=== Section Start ===
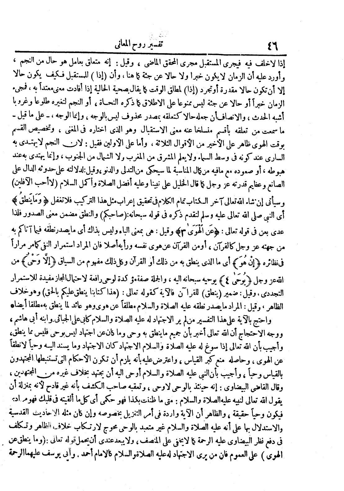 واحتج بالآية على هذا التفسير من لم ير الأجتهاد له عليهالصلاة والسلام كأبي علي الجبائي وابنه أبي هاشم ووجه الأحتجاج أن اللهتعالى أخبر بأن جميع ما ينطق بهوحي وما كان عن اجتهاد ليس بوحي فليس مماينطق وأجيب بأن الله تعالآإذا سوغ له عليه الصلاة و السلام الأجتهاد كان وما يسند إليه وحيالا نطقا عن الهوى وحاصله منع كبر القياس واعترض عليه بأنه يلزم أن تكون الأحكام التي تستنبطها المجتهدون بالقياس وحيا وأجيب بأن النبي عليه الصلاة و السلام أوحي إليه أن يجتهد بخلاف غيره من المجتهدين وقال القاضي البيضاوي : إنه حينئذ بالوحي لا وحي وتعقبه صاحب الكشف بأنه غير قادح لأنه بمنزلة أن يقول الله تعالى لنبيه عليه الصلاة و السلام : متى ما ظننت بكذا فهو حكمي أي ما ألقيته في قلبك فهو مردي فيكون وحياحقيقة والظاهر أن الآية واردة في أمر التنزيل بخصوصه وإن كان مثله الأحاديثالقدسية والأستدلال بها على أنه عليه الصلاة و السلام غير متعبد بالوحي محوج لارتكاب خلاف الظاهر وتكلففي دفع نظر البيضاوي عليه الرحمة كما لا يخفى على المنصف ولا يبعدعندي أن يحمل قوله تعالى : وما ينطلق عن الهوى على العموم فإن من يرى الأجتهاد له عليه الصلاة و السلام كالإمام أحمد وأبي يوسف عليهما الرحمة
=== Section End ===
=== Section Start ===
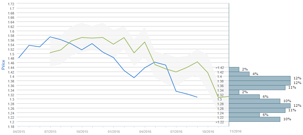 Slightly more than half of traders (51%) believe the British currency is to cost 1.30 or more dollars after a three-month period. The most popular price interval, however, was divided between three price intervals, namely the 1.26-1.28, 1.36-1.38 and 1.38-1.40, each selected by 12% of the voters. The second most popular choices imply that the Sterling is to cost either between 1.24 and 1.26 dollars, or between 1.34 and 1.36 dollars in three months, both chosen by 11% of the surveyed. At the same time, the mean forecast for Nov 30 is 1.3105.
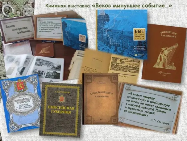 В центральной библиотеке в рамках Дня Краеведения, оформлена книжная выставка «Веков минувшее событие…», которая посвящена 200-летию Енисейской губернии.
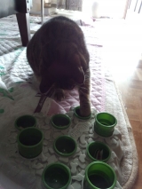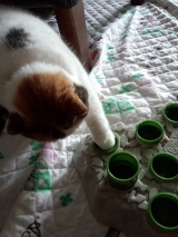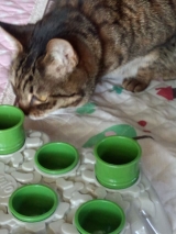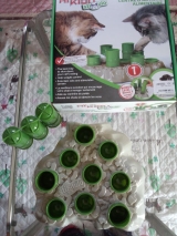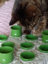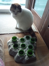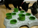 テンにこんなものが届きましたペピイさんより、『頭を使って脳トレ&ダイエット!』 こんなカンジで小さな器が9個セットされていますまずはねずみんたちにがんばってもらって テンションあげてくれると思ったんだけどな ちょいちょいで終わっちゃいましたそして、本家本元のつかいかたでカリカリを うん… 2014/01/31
=== Section End ===
◆ **What is expected**
Both the line above containing "В центральной библиотеке" and the line containing "ちょいちょいで終わっちゃいましたそして、本家本元のつかいかたでカリカリを うん… 2014/01/31" belong in the copy, along with every line between them; print these exactly and omit the pictures.

◆ **Written answer**
 В центральной библиотеке в рамках Дня Краеведения, оформлена книжная выставка «Веков минувшее событие…», которая посвящена 200-летию Енисейской губернии.
 テンにこんなものが届きましたペピイさんより、『頭を使って脳トレ&ダイエット!』 こんなカンジで小さな器が9個セットされていますまずはねずみんたちにがんばってもらって テンションあげてくれると思ったんだけどな ちょいちょいで終わっちゃいましたそして、本家本元のつかいかたでカリカリを うん… 2014/01/31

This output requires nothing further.